Rural health-care experts say that unless the problems of rural hospitals are addressed by state and federal officials, there could be a repeat of the widespread closings that followed an overhaul of the Medicare payment system 30 years ago. That 1983 change, called the prospective payment system, established fixed reimbursements for care instead of payments based on a hospital’s reported costs. It rewarded large, efficient providers, but 440 small hospitals closed before the system was adjusted in 1997 to help them. Those adjustments created the designation of critical-access hospitals for some small, isolated facilities, and exempted them from the fixed-payment system.
“And now, beginning in 2010, we’ve had another series of cuts that are all combining to create another expansion of closures just like we saw in the ‘90s,” said Brock Slabach, senior vice president of the Rural Health Association. “We don’t want to wake up with another disaster.”
In Mount Vernon, a town of 2,678 people nestled in grassland and dairy country about two hours east of Dallas, family practitioner Jean Latortue has taken out a lease on the now-vacant hospital building to convert it into an outpatient and urgent care clinic at his own expense.
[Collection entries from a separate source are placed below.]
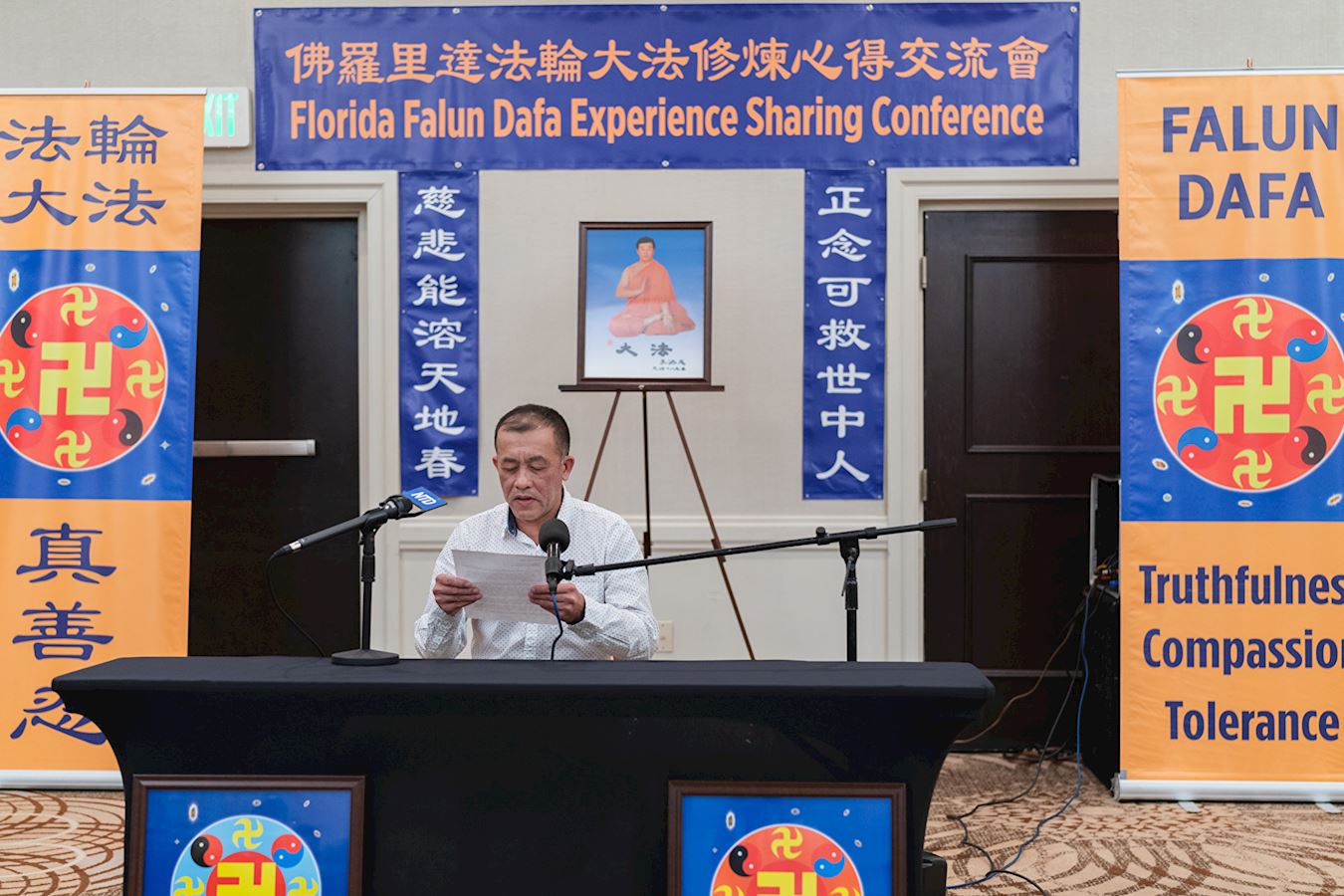 ![]() 图8:Nhut Nguyen在佛州法会上交流了自己的修炼体会。 |
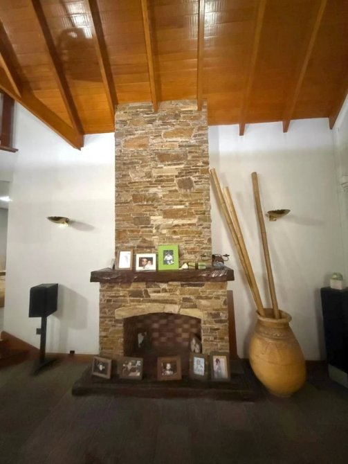 Entrada al living en doble altura, ventana bow window al frente, luminoso, con hogar a leña. Toilette de recepcion.
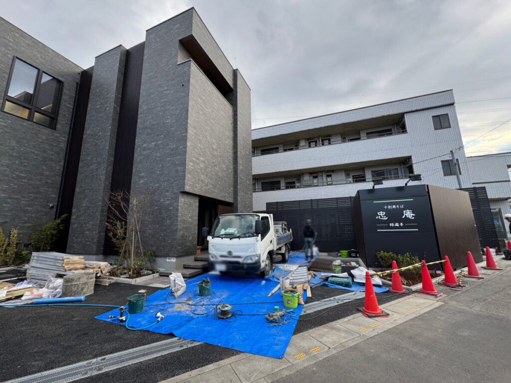 以前お伝えしていた、今春オープン予定の「十割舞そば 忠庵」新店舗に看板が付いていました!
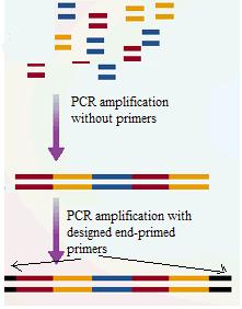 - This technique begins by fragmenting a pool of double-stranded parent genes with DNase I. Then selecting small fragments by size fractionation to maximize the probability of multiple recombination events. After this, the first round of PCR is performed with no added primers, instead, small fragments that overlap with each other cross-primed at this stage. After filling the space of a long recombined product from the fragments, another round of PCR is performed to amplify the recombined full-length product using terminal primers.
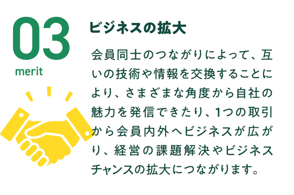 会員企業が仕事内容を紹介し合い、互いをより深く知ることを通じて ビジネスマッチングを促進する機会を創っています。
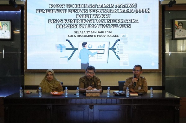 BANJARBARU, Kalimantanlive.com — Dinas Komunikasi dan Informatika (Diskominfo) Provinsi Kalimantan Selatan menggelar Rapat Koordinasi Teknis Pegawai Pemerintah dengan Perjanjian Kerja (PPPK) Paruh Waktu sebagai upaya menyamakan pemahaman terkait mekanisme, kriteria, serta tindak lanjut kebijakan PPPK Paruh Waktu di lingkungan Diskominfo Kalsel, Selasa (27/1/2026).
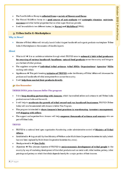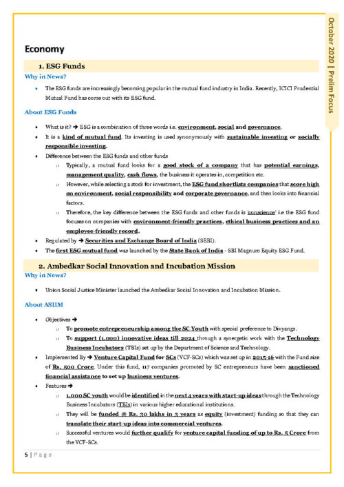 Only Ias Prelims Focus Current Affair October 2020 English Medium Printed Notes

Reopening may be a risky move, he acknowledged, but the need is there.
“The community went into panic mode,” he said. “I figured I had to step up.”
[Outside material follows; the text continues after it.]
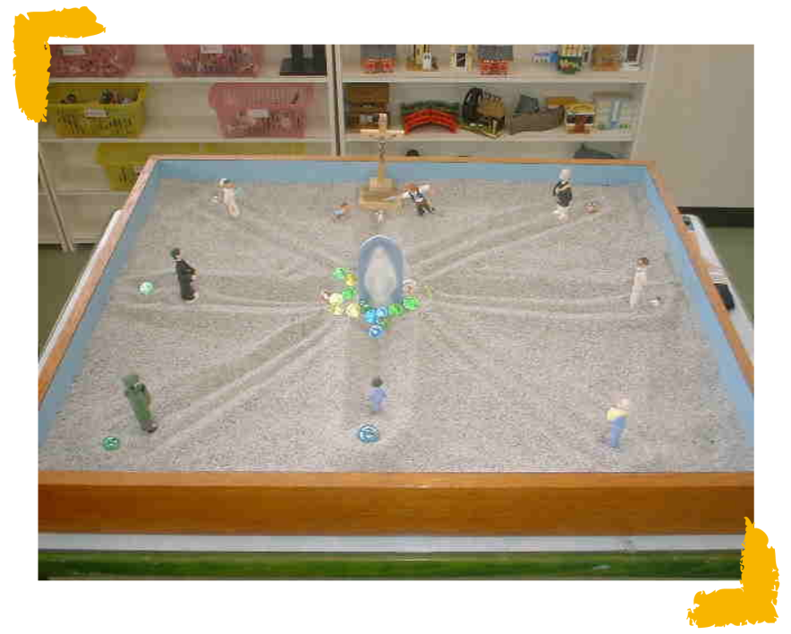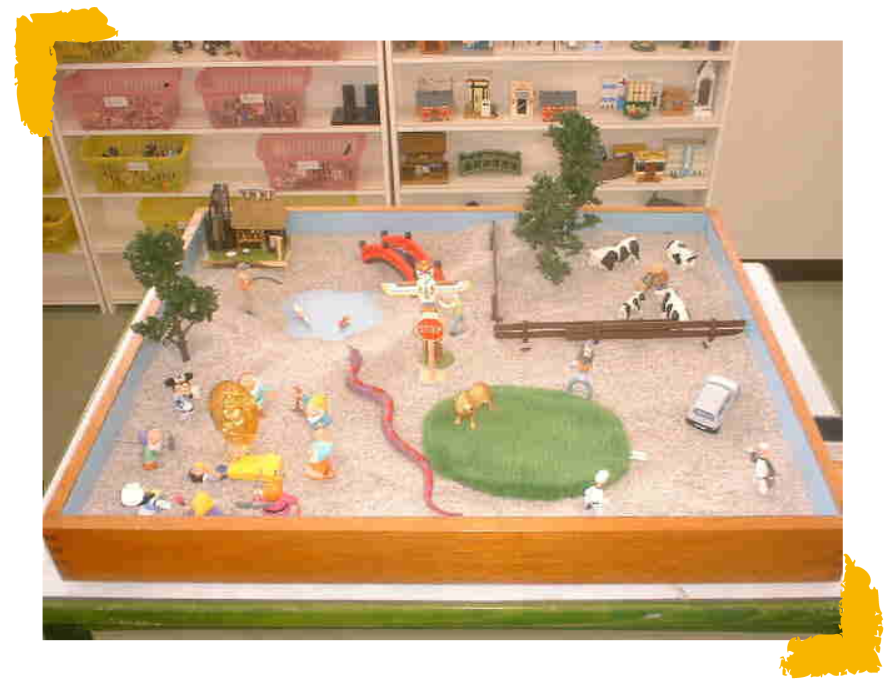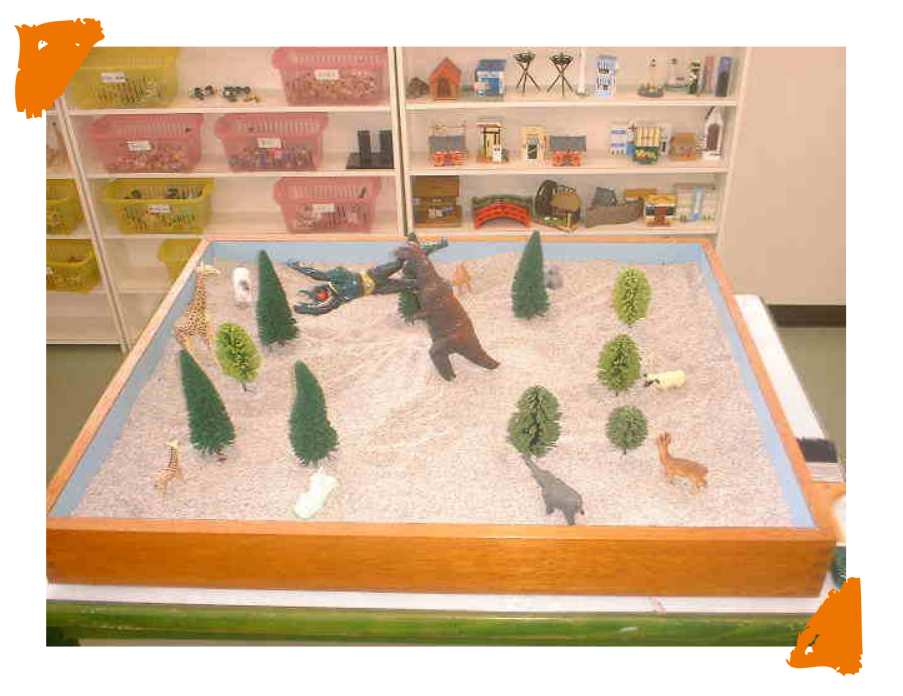 箱庭療法では、砂の入った箱の中に人や動物や乗り物、植物などのミニチュアを自由に並べて箱庭を作ります。

The nonprofit ETMC Regional Healthcare System, based in Tyler, Texas, closed the Mount Vernon hospital and two others of its then-12 rural hospital affiliates because it could no longer sustain operating losses that had persisted for five years.
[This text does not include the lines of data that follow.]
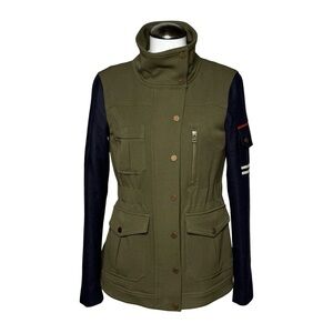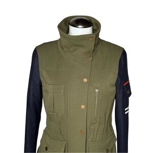 $660 VERONICA BEARD Skyline Army Jacket Sz 0 Green Body Navy Sleeves
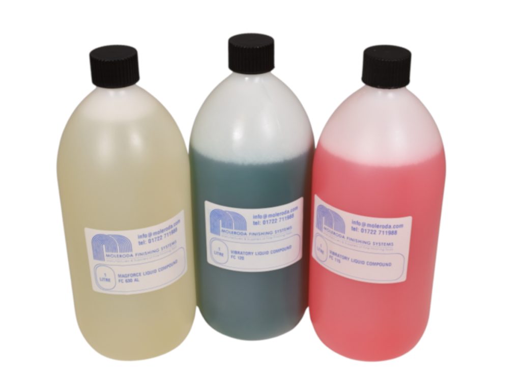 Choosing the right liquid compound is critical for achieving the desired finish, protecting parts, and extending media life. Moleroda offers MagForce Magnetic Finishing Compound (FC630AL), and Rösler’s FC115 and FC120, each suited to different finishing goals.
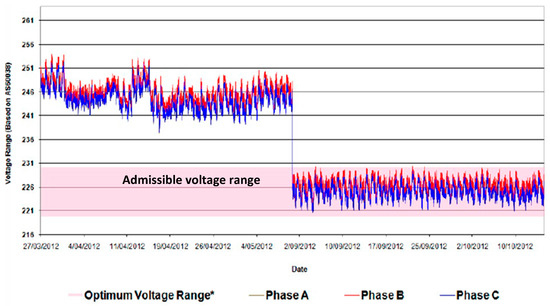 Voltage profile across three-phase, pre- and post-installation of voltage optimisation technology (obtained from [18], with permission from Energywise, 2017).
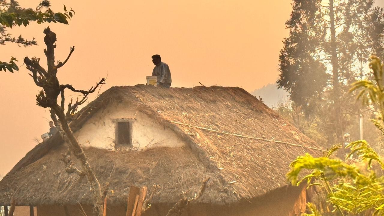 युवालाई दमाहा बजाउने कला सिकाइँदै
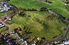 | Te Puke ō Tara / Otara Hill | 56.5 | 89 metres (292 ft) (quarried) | 36°56′50″S 174°53′54″E / 36.947105°S 174.898363°E | ![]() The buildings in the middle of the photo are on the site of quarried away Te Puke ō Tara / Otara Hill volcano, 2009 | |
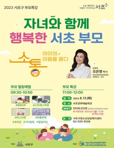 구는 ‘국민육아멘토‘ 오은영 박사를 초청, ‘소통, 아이의 마음을 묻다’를 주제로 아동 및 청소년 자녀를 둔 부모들의 고민을 해결하고 자녀와의 원활한 소통을 돕는 자리를 마련했다. 서초 부모 650여 명을 대상으로 자녀의 마음을 이해하고 진솔하게 소통하는 방법에 대해 1시간 동안 알기쉽고 유익한 강의가 진행될 예정이다.
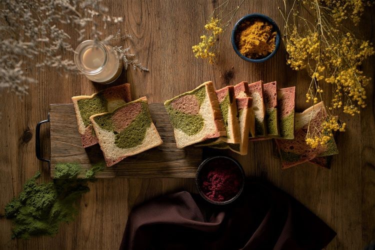 產品特色:無油、無奶、無蛋、無任何化學添加的手作麵包,堅持以36小時低溫老麵發酵,再加上多種自然食材以及高營養價值的帶皮豆泥,完全沒有使用添加物,迷彩吐司的口味是使用紅藜麥亞麻籽/甜菜根蔓越莓/抹茶大豆吐司所制成,絕無僅有的迷彩全豆吐司,滿足您視覺上的衝擊挑起您的食慾,享用一片卻同時擁有三種獨特美味!澱粉量較一般吐司降低40%,同時有更多的植物蛋白和膳食纖維,全素也能享用.
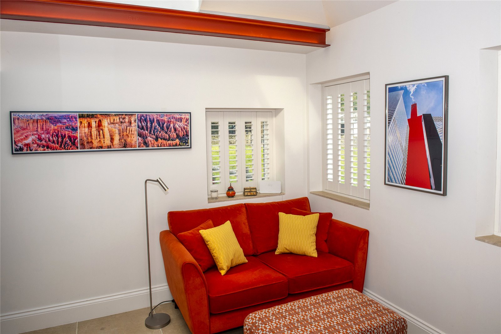Step inside, and you'll be greeted by a series of inviting living spaces. The living room, with its cosy fireplace and solid oak flooring, is the perfect place to relax and unwind. French doors lead out to the garden, allowing for seamless indoor-outdoor living. A snug room featuring stone tiled flooring and plantation shutters offers stunning views of the surrounding countryside. The glass ceiling window in this room provides a flood of natural light, creating a bright and airy atmosphere. The snug also serves as an inter-room to the studio. For those seeking a creative space, the art studio boasts white-painted stone walls and provides a versatile and inspiring environment.
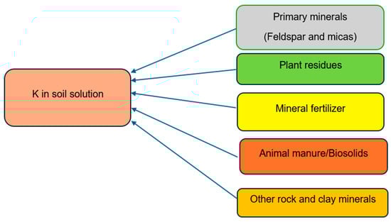In soils, potassium is primarily found in inorganic forms. It can be found in soil solutions, adsorbed to or released from clay particle surfaces, bonded in silicates, and exchangeable form [109]. The main sources of K are the rocks mica and feldspar, which release this element during weathering [118]. K exists in the soil in four different forms in dynamic equilibrium with each other [119,120,121]:
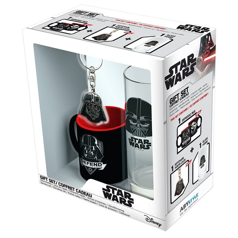 Dárková sada s grafikou lorda Darth Vadera z filmové sci-fi ságy Star Wars je určena pro všechny milovníky Hvězdných válek a pro obdivovatele této postavy. V pěkné krabičce s průhlednou stěnou naleznete malý hrnek na čaj či kávu, sklenici a kovovou klíčenku. prečítať celé

Perry Henderson, senior vice president of affiliate hospitals for ETMC, and other experts cite three reasons for the rash of closures nationally.
Sequestration, the across-the-board federal budget cut that arose out of the legislative impasse between the Obama administration and congressional Republicans, has resulted in a 2 percent reduction in Medicare reimbursements since 2013.
“If Medicare is 50 percent of your revenue and you lose two points,” North Carolina’s Holmes said, “it can be a killer.”
Rural hospitals took a second hit from the health law’s reductions in special Medicaid payments to hospitals with large numbers of indigent and uninsured patients. Federal officials made the cuts assuming that most states would embrace the Medicaid expansion envisioned in the law, thus sharply reducing their number of uninsured. But 23 states, including Texas, have declined to do so.
Another issue is the deductibles charged by some of the new insurance plans created under the health law. In many cases, they “are running between $2,500 and $5,000,” and people can’t pay them, said Maggie Elehwany, chief lobbyist for the Rural Health Association.
Latortue, who came to Mount Vernon as an ETMC hospital doctor in 2008, appears undaunted by the challenges of reinventing the hospital, which was treating an average of eight inpatients a week when it closed. Still, he said, “I’m very busy, and patients need to be seen – we'll be all right.”
At the new clinic, he intends to provide outpatient services, including lab work, and emergency care, stabilizing patients until they can be transferred to the Titus Regional Medical Center in Mount Pleasant, 16 miles away, or to a smaller facility in Winfield, eight miles away. He also plans a wellness clinic to treat obesity and will offer Botox and laser cosmetic services. A cardiologist and a gastroenterologist will make weekly visits, and he is also looking for an Ob-Gyn.
Still, none of this will replace the hospital, and his patients know it. “I live right behind the building,” said Mary Hunter, a fit grandmother of 73. “I’ve had very good health until my blood pressure spiked last week,” she said. “We retired in 2006 and moved here, partly because of the hospital. And now it’s gone.”